The Old Age, Survivors and Disability Insurance tax, also known as the Social Security tax, is one of the two taxes that make up the Federal Insurance Contributions Act taxes, along with the Medicare tax. These are commonly referred to as FICA taxes. Both employees and employers pay a portion of the OASDI tax, but it doesn't apply to all types of income.

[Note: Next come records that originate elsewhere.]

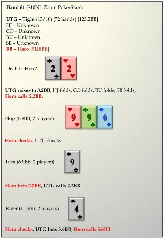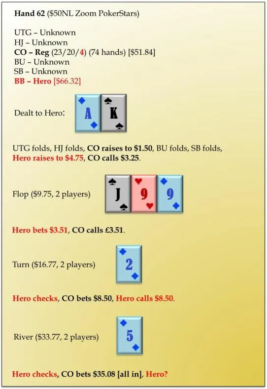 任何一张小于J的河牌在这里都是纯粹的空白牌(brick)。在河牌圈check对我没有任何意义。Hero在提交牌局时说,对手不可能拿到任何价值牌,因此我们应该check-call。我并不讨厌这种逻辑,但check往往只会导致我们直接摊牌(我们本可以从32种以上没有任何理由下注的两张大牌组合那儿榨取一点儿价值)。为什么一个已采用底池控制玩法的紧弱玩家会决定在河牌圈用具有摊牌价值的牌下注呢?因为他玩得糟糕?也许吧,但这只会导致他极少数时候下注。
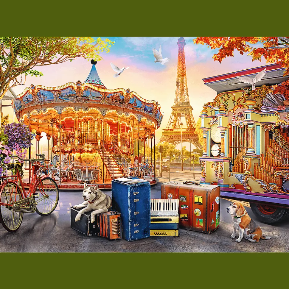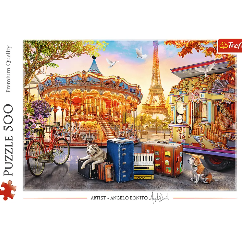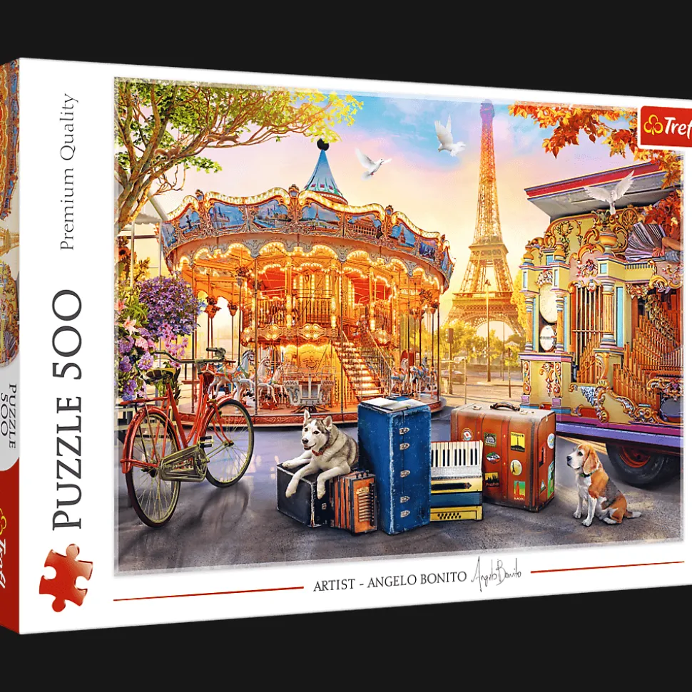 Puzzle składające się z 500 elementów przedstawiają urywek z wakacji w Paryżu. Po ułożeniu powstanie obrazek o wymiarach 580 x 340 mm.
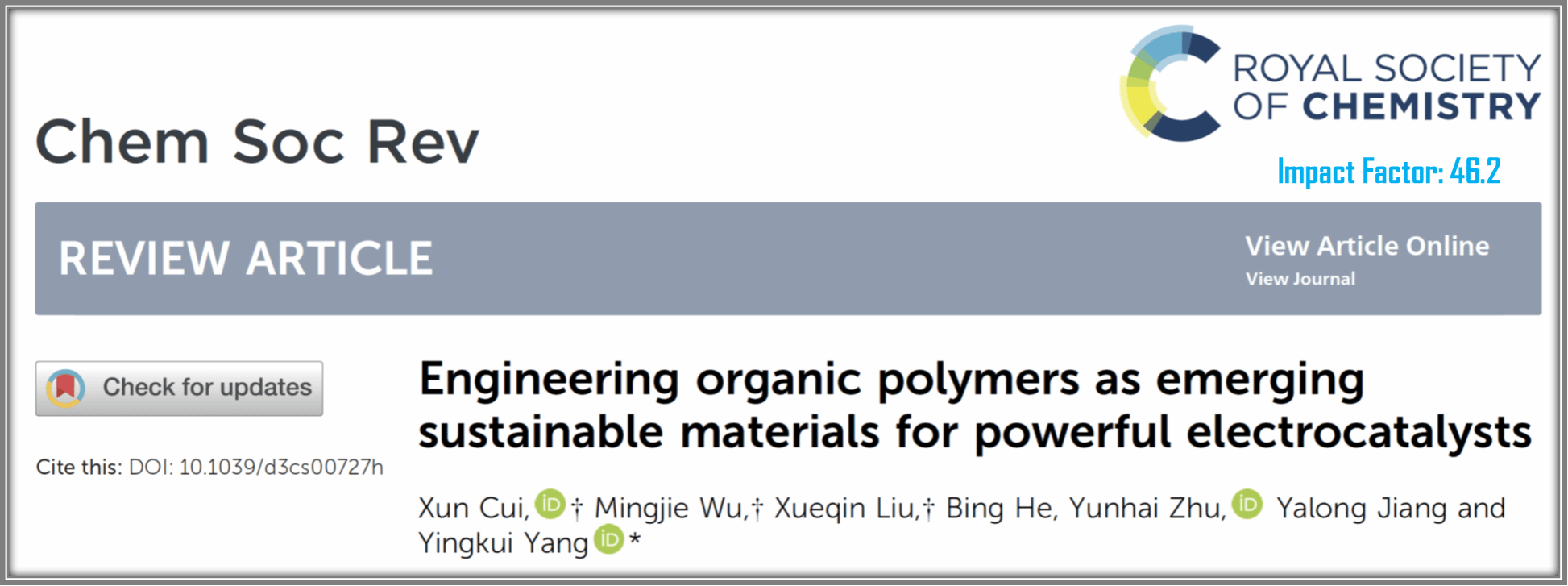 Chemical Society Reviews由英国皇家化学会(Royal Society of Chemistry)创刊于1972年,是世界化学、化工以及材料学科领域公认的最具影响力和权威性的三大综述性学术期刊之一,其发表的论文对相关领域的发展具有重要的引领作用和指导意义。
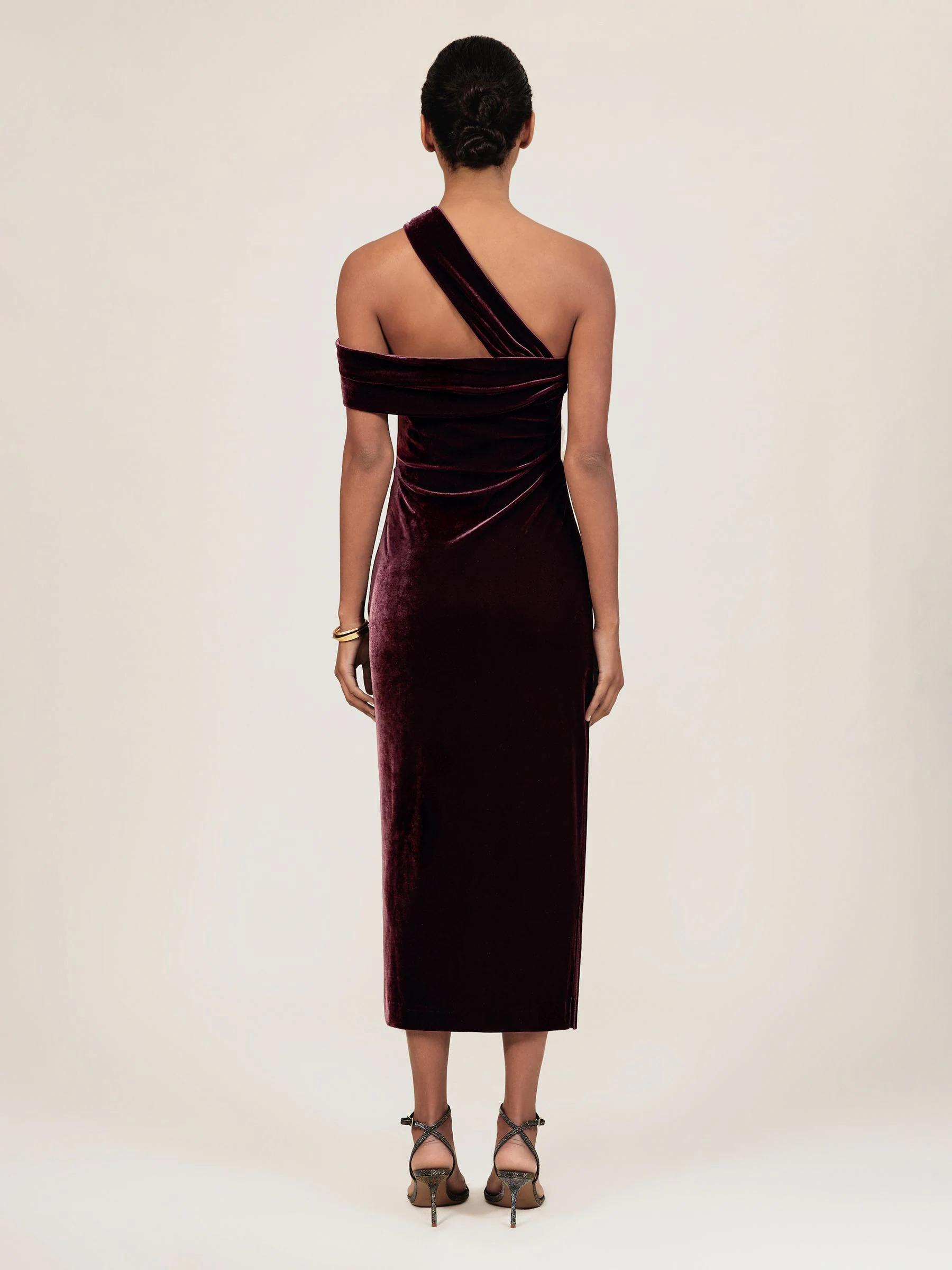 Reiss Burgundy Dalia Petite Velvet One-Shoulder Midi Dress
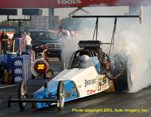 action with a 5.467 at 262.69 mph, but a mishap turning off the track tore
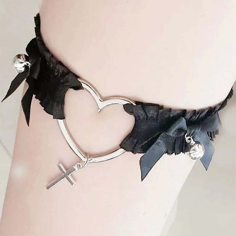 Name | Lace Heart Bow Leg Ring Lolita Girls Punk Cross Garters Belt Goth Elastic Bell Thigh Choker Chain Women Lingerie Cosplay Harness |

The OASDI tax applies a fixed tax rate to both the employer and employee based on the income for the year. As of 2012, the employee pays 4.2 percent on all income subject to OASDI and the employer pays 6.2 percent. For example, if you earn $50,000 per year at your job, you will pay $2,100 out of your paycheck and your employer will pay an additional $3,100 in OASDI taxes for you.
Only Earned Income
The OASDI tax only applies to earned income, not unearned income. Earned income refers to money you receive for performing work, such as wages from your job or bonus income. For example, if you have $40,000 of wages and $10,000 of investment income, you only have to pay the OASDI tax on the $40,000 of wages; the $10,000 of investment income is exempt.
OASDI Tax Limits
The OASDI tax only applies to earned income up to the annual limit. After your earned income for the year exceeds the limit, you don't have to pay the OASDI tax on any additional income. For example, in 2012 the income limit is $110,100, for a maximum OASDI tax of $4,624.20. As a result, whether your earned income is $110,100 or $1 million, you will pay the same amount of OASDI tax.
Limits Separate for Spouses
If you are married, the limits on how much of your income is subject to the OASDI tax apply separately to each spouse, even if you file a joint return. For example, using the 2012 tax rates and income limits, if each spouse has $110,100 of earned income, each spouse would pay $4,624.20 in OASDI taxes for a total of $9,248.40. However, if one spouse had $220,200 of earned income and the other spouse had none, the first spouse would pay $4,624.20 in OASDI taxes and the second spouse would pay none.